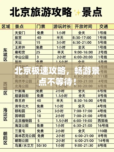 北京,中國的首都,一座博大精深、充滿魅力的城市,對于許多游客來說,時間總是過得飛快,如何在有限的時間里盡可能多地領略到北京的魅力呢?下面是一份“北京速度旅游攻略”,幫助你高效游覽北京。
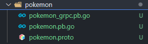 Этой командой генерируются два файла: pokemon.pb.go для сериализации сообщений с помощью буферов протокола и pokemon_grpc.pb.go, состоящий из кода для клиента gRPC и серверного кода, где они потом будут реализовываться:
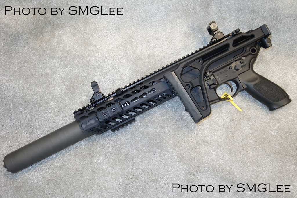 据说在当时美军特种部队对AAC公司研制的.300 BLK亚音速弹很感兴趣,很可能会采购发射.300 BLK亚音速弹的消声武器代替MP7A1和MP5SD作为“摸哨武器”。除了AAC公司自己研制的“蜜獾”卡宾枪和各种改口径的AR式配件外,柯尔特、大毒蛇等公司也有推出.300 BLK口径的短枪管AR,而SIG公司也在2012年推出了.300 BLK口径的短枪管SIG516。但要取代MP7A1和MP5SD的另一个关键是武器要非常紧凑,而传统AR式步枪因为枪托的一半要容纳缓冲管而只能折叠一半或伸缩一半,即使是“蜜獾”,其下机匣也是直接仿照AR式下机匣的设计,依然是有缓冲管这个传统AR式的复进装置。
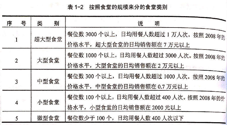 對實(shí)體按規(guī)模來分可以參照3個(gè)指標(biāo):餐位數(shù)、日均用餐人次和日均銷售額,由于銷售價(jià)格存在你地區(qū)差異,前兩項(xiàng)指標(biāo)更具有橫向比較意義。按照食堂的規(guī)模來分的食堂類別見表1-2
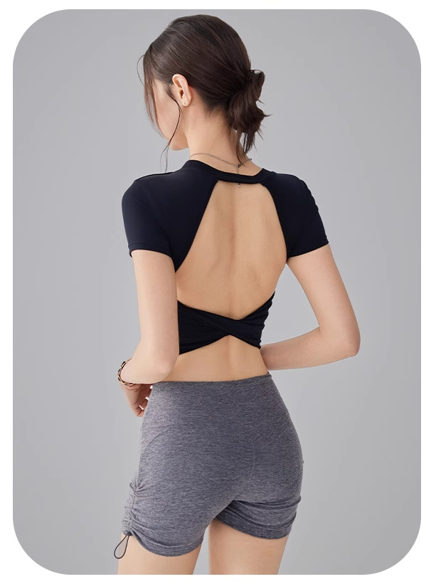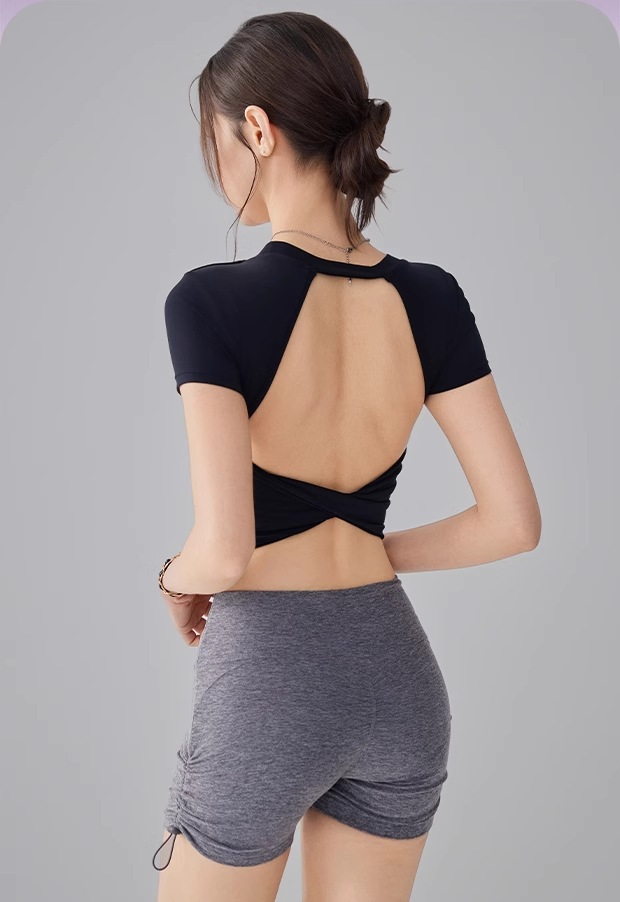 Songzhan 섹시 할로우 스포츠 탑 여성용 원피스 속건성 아름다운 등 피트니스 요가웨어 반팔 티셔츠 아우터 여름스토어 가기
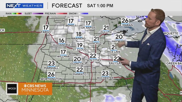 NEXT Weather meteorologist Chris Shaffer said there will be patchy snow showers on Saturday, with high temperatures in the teens and 20s across Minnesota.
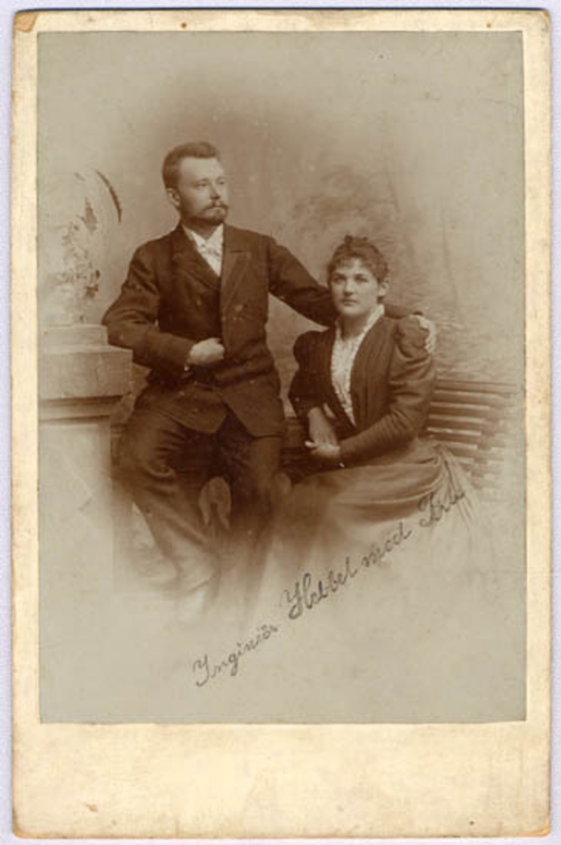 "Ingeniör Hebbel med fru. Hebbel var anställd hos "Kullgrens änka" som ritare och arkitekt, var tysk till börden också hans fru. Kortet är från 1890 - 1900
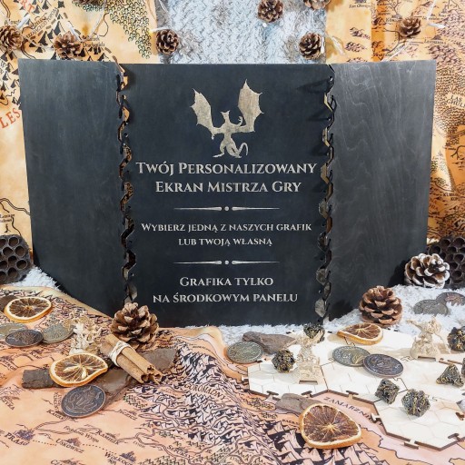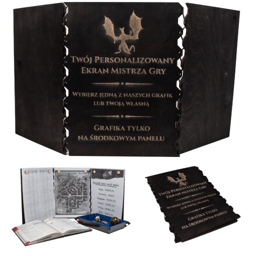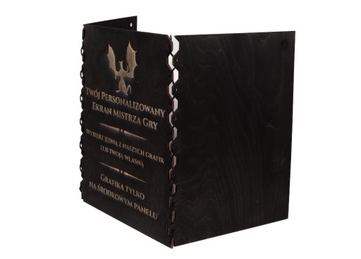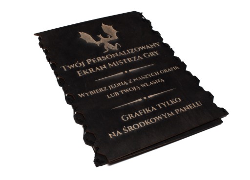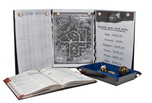 - ekran mistrza gry, który składa się z drewnianych części A4 i rzemyków. Ekran należy złożyć samodzielnie, jednak nie jest to zadanie trudne i zazwyczaj nie zajmuje więcej niż dwie minuty.
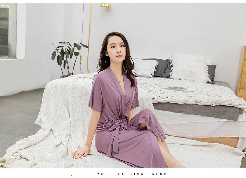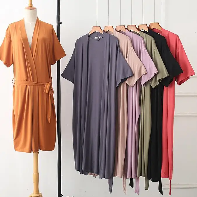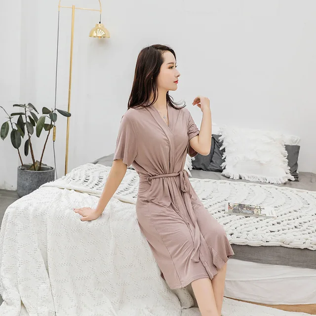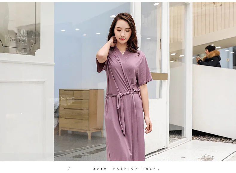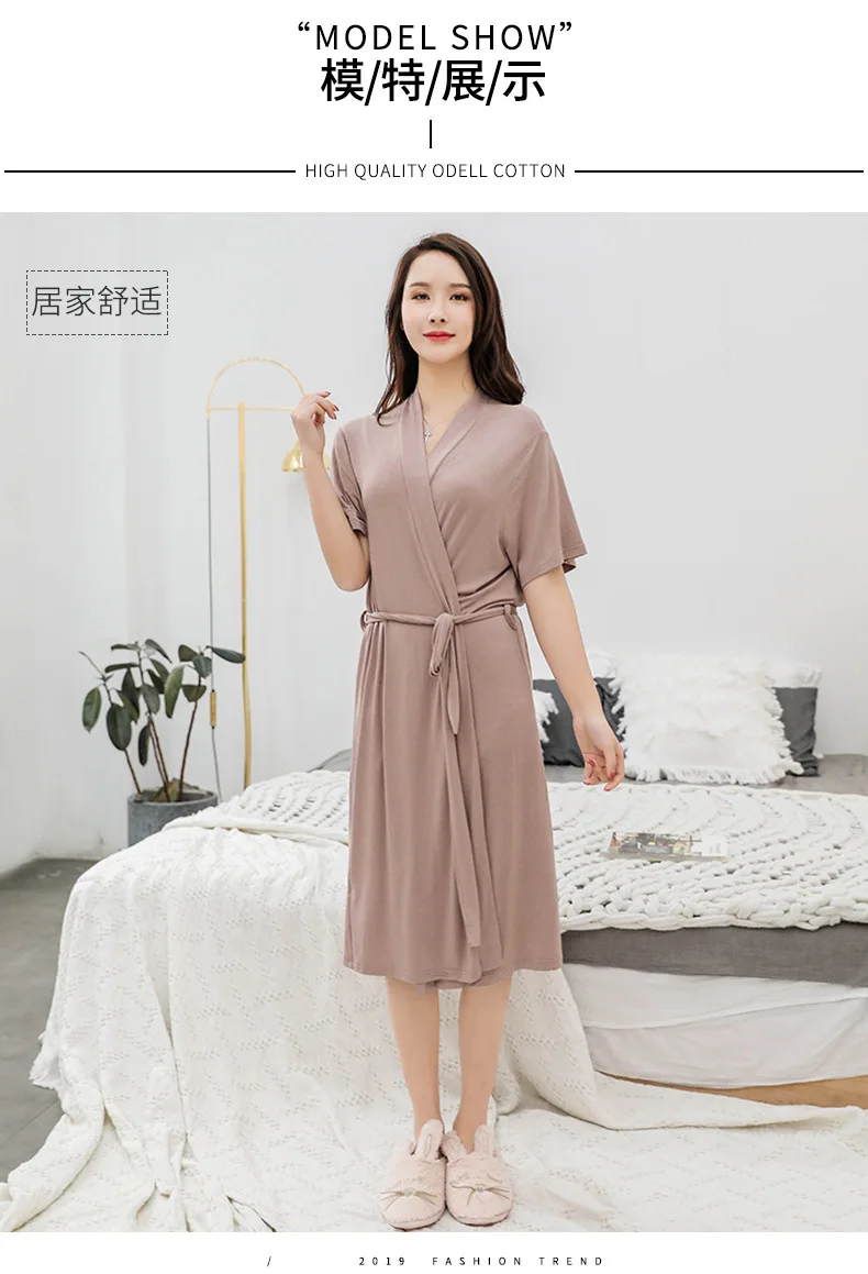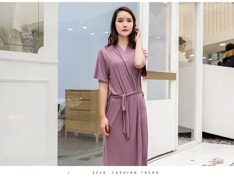 Халат женский с коротким рукавом, тонкая пижама из модала, свободного покроя, хлопковая Домашняя одежда, халат для отпуска, ночная рубашка, лето 2020
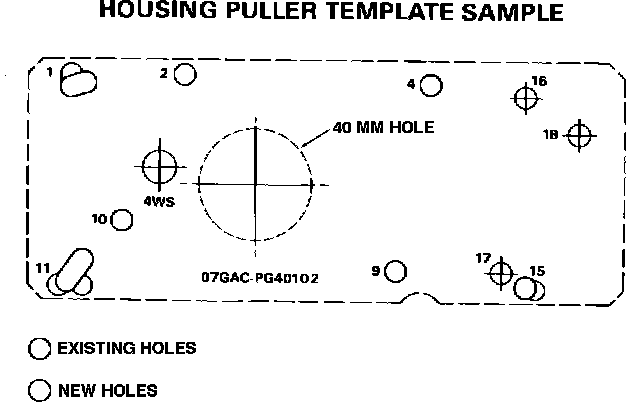 3. Cut out the template along the dotted line and place it onto the housing puller. Align the four holes punched out in step 2. Attach the template to the housing puller using four 8 x 12 mm bolts and nuts.
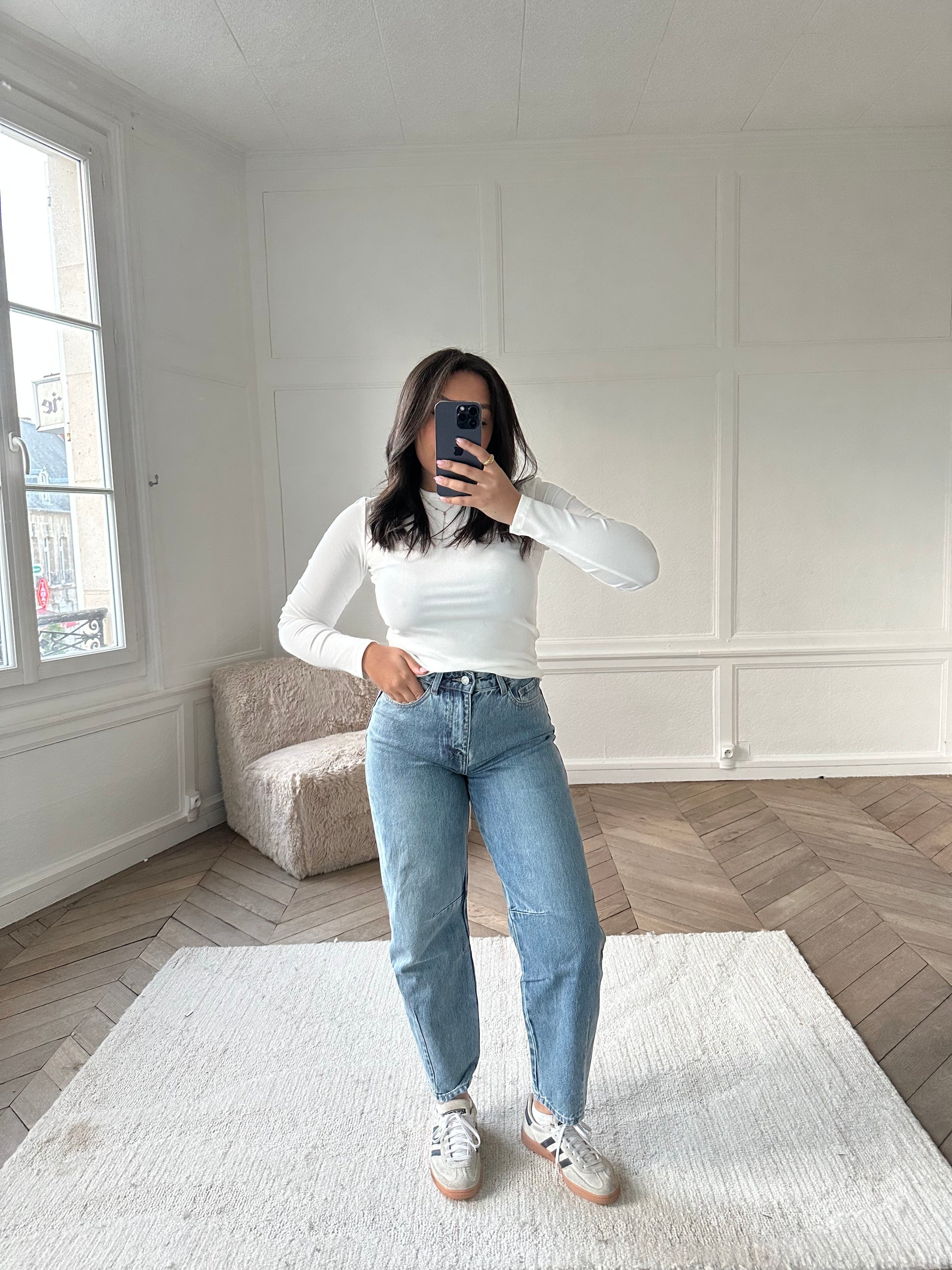 Le jean coupe barrel se situe à mi-chemin entre le côté décontracté du boyfriend et le côté architectural du pantalon de tailleur, ce jean brise les codes et apporte une silhouette audacieuse et contemporaine.
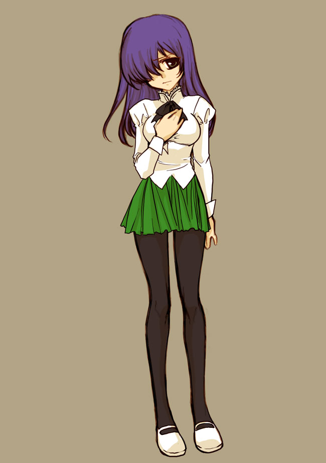 10s1girlbowbreastsbrown backgroundfull bodyhair over one eyehand on own chestlarge breastspantyhosepuffy sleevespurple hairschool uniformsimple backgroundskirt
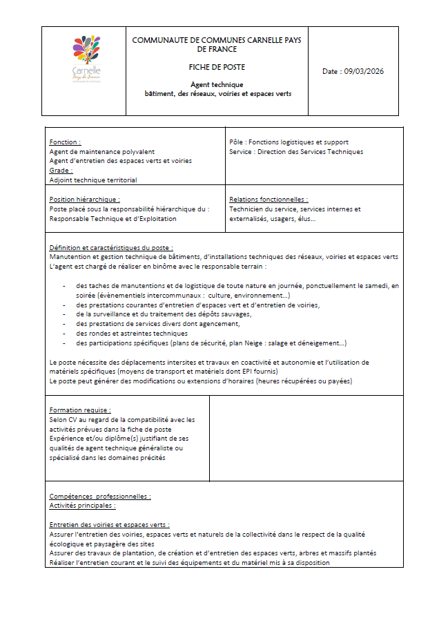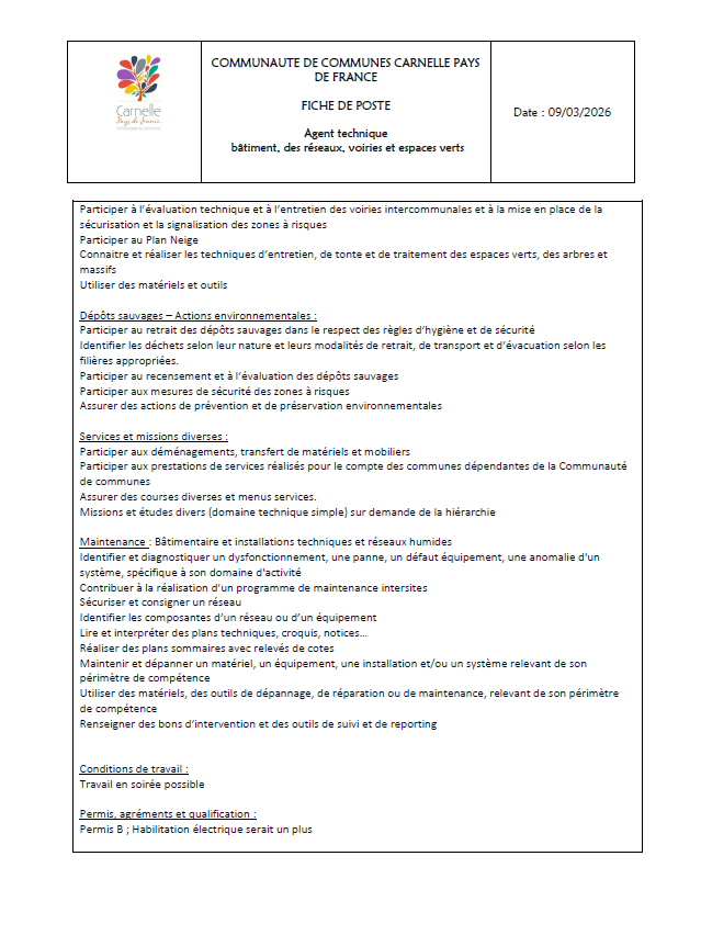 La Communauté de Communes Carnelle Pays-de-France recrute un agent des services techniques pour renforcer ses équipes.

> Problem statement
Repeat only the lines between the start of the data and the line with "Этой командой генерируются", including those two lines, and skip the pictures.

> Answer section
 北京,中國的首都,一座博大精深、充滿魅力的城市,對于許多游客來說,時間總是過得飛快,如何在有限的時間里盡可能多地領略到北京的魅力呢?下面是一份“北京速度旅游攻略”,幫助你高效游覽北京。
 Этой командой генерируются два файла: pokemon.pb.go для сериализации сообщений с помощью буферов протокола и pokemon_grpc.pb.go, состоящий из кода для клиента gRPC и серверного кода, где они потом будут реализовываться:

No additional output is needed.